It’s brokers’ turn to clarify crypto in the series of staff statements from the U.S. Securities and Exchange Commission intended to reveal its current thinking on how to deal with the digital asset space, in this case addressing “physical possession” of assets by brokers and separately asking some questions about so-called alternative trading systems (ATS) for crypto.
One of the final two posts this week addresses the custody of clients’ crypto securities at regulated broker-dealers, advising firms on how to properly own these assets, including protecting clients’ private keys.

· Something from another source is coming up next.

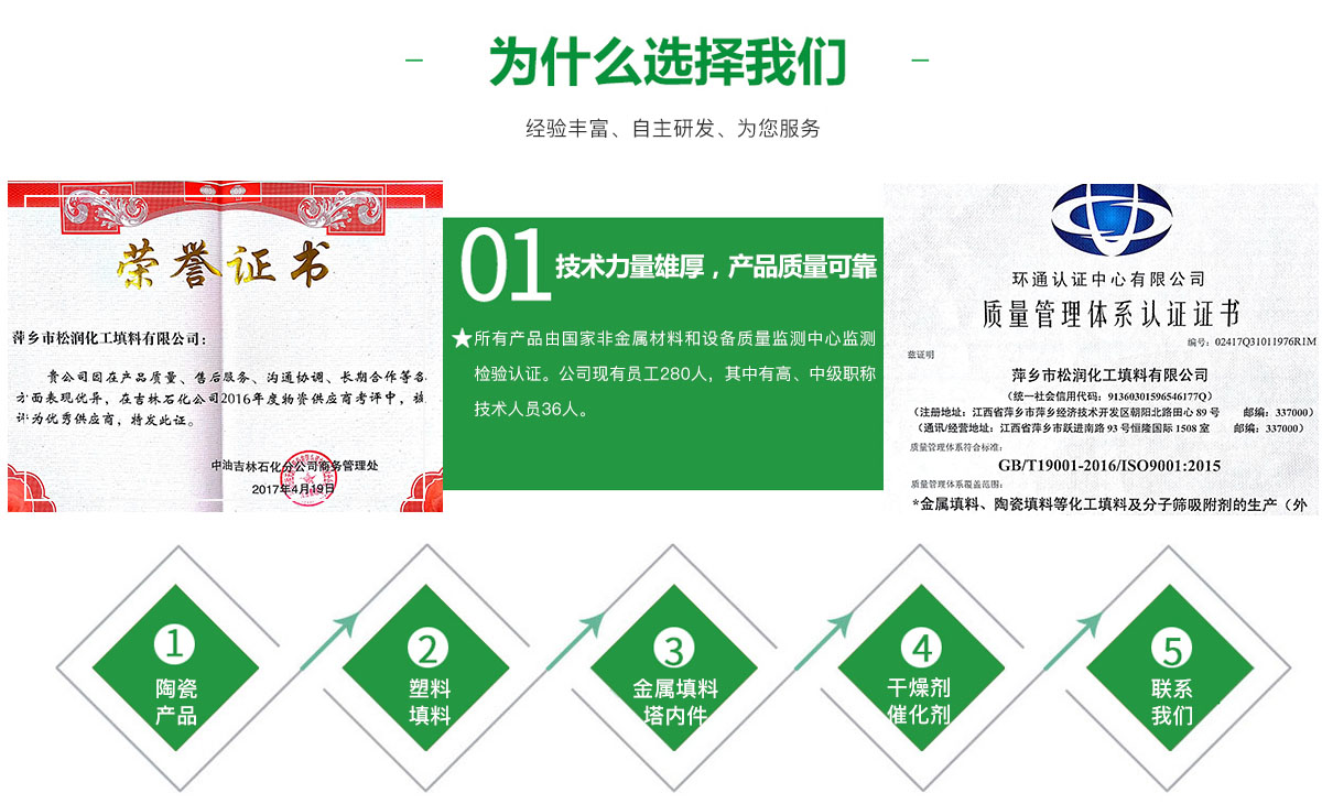 萍鄉(xiāng)市松潤化工填料有限公司位于江西省萍鄉(xiāng)市國家經濟開發(fā)區(qū)西區(qū),是專業(yè)生產、經營陶瓷、聚丙烯、金屬填料、塔內件、水處理濾板、濾管、濾料、瓷球、分子篩、催化劑、活性炭、蜂窩陶瓷、瓷質耐磨托輥等系列產品的民營企業(yè)。所有產品由國家非金屬材料和設備質量監(jiān)測中心監(jiān)測檢驗認證。公司現有員工280人,其中有高、中級職稱技術人員36人。工藝先進,技術力量雄厚,產品質量可靠,配...

As long as they follow the informal standards set forth in the statement, brokers will not receive a knock on their door from the SEC.
Their approach must also anticipate “blockchain malfunctions, 51% attacks, hard forks or airdrops,” according to the press release from the SEC’s Division of Trading and Markets.
The agency’s advice could help traditional trading companies find more comfort in their management of crypto assets. This would include tokenized stocks and debt securities, although the specific definition of a crypto security has not yet been fully established.
The SEC’s series of crypto statements have been welcomed with open arms by the industry, but they lack the regulatory or guiding authority, so they would be easy to overturn if the agency’s leadership changed hands.
Also this week, the U.S. securities regulator released a “frequently asked questions” document examining crypto ATS activity. As Commissioner Hester Peirce, who leads the agency’s crypto task force, pointed out, the questions largely focus on trade and settlement.
“Trading platforms and market participants must be able to operate within clear market structure rules that facilitate fair and orderly markets without imposing unnecessary burdens,” Peirce said in a statement.